Art. 374. § 1. Wanneer de ouders niet samenleven, blijven zij het ouderlijk gezag gezamenlijk uitoefenen en geldt het in artikel 373, tweede lid, bepaalde vermoeden.
  Bij gebreke van overeenstemming over de organisatie van de huisvesting van het kind, over de belangrijke beslissingen betreffende zijn gezondheid, zijn opvoeding, zijn opleiding en zijn ontspanning en over de godsdienstige of levensbeschouwelijke keuzes of wanneer deze overeenstemming strijdig lijkt met het belang van het kind, kan de bevoegde familierechtbank de uitoefening van het ouderlijk gezag uitsluitend opdragen aan één van beide ouders.
  Hij kan eveneens bepalen welke beslissingen met betrekking tot de opvoeding alleen met instemming van beide ouders kunnen worden genomen.
  Hij bepaalt de wijze waarop de ouder die niet het ouderlijk gezag uitoefent, persoonlijk contact met het kind onderhoudt. Dat persoonlijk contact kan enkel om bijzonder ernstige redenen worden geweigerd. De ouder die niet het ouderlijk gezag uitoefent, behoudt het recht om toezicht te houden op de opvoeding van het kind. Hij kan bij de andere ouder of bij derden alle nuttige informatie hieromtrent inwinnen en zich in het belang van het kind tot de familierechtbank wenden.

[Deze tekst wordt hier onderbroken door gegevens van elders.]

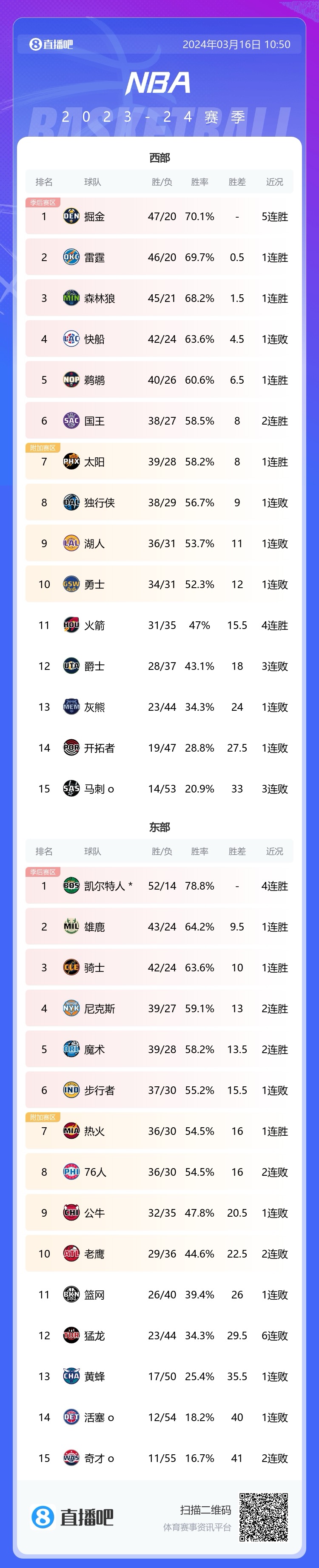 掘金戰績來到47勝20負,再次反超雷霆,升至西部第一。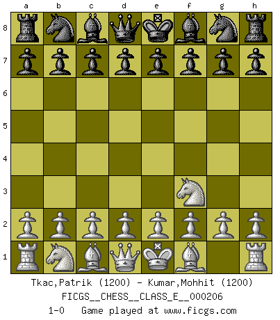 Last move : 1-0 2018 April 25 21:57:53 [Event "FICGS__CHESS__CLASS_E__000206"] [Site "FICGS"] [Date "2018.03.16"] [Round "1"] [White "Tkac,Patrik"] [Black "Kumar,Mohhit"] [Result "1-0"] [WhiteElo "1200"] [BlackElo "1200"] 1.Nf3 1-0 This chess game has been lost on time (started : 2018.03.16 11:5:15) Reti Opening Player White won this chess game. Follow this game move after move (download)The laws of Chess do not permit a free choice: you have to move whether you like it or not. (Emanuel Lasker) Jede Eröffnung ist gut genug um gespielt zu werden, wenn nur ihr Ruf schlecht genug ist. (Savielly Grigorievitsch Tartakower) El Ajedrez es sobre todo, ¡una pelea!. (Emanuel Lasker) Les Echecs ne sont pas pour les âmes timides. Ils requièrent un homme entier, qui ne s'arrête pas aveuglément à ce qui a été déjà établi, mais qui tente individuellement de sonder les profondeurs du jeu. (W. Steinitz) You cannot beat a roulette table unless you steal money from it. (Albert Einstein)

  In elk geval bepaalt de rechter de wijze waarop het kind wordt gehuisvest en de plaats waar het in het bevolkingsregister wordt ingeschreven als hebbende aldaar zijn hoofdverblijf.
  § 2. Ingeval de ouders niet samenleven en hun geschil bij de familierechtbank aanhangig wordt gemaakt, wordt het akkoord over de huisvesting van de kinderen door de rechtbank gehomologeerd, tenzij het akkoord kennelijk strijdig is met het belang van het kind.
  Bij gebrek aan akkoord, in geval van gezamenlijk ouderlijk gezag, onderzoekt de rechtbank op vraag van minstens één van de ouders bij voorrang de mogelijkheid om de huisvesting van het kind op een gelijkmatige manier tussen de ouders vast te leggen.
  Ingeval de rechtbank echter van oordeel is dat de gelijkmatig verdeelde huisvesting, niet de meest passende oplossing is, kan zij evenwel beslissen om een ongelijk verdeeld verblijf vast te leggen.
  De rechtbank oordeelt in ieder geval bij een met bijzondere redenen omkleed vonnis, en rekening houdend met de concrete omstandigheden van de zaak en het belang van de kinderen en de ouders.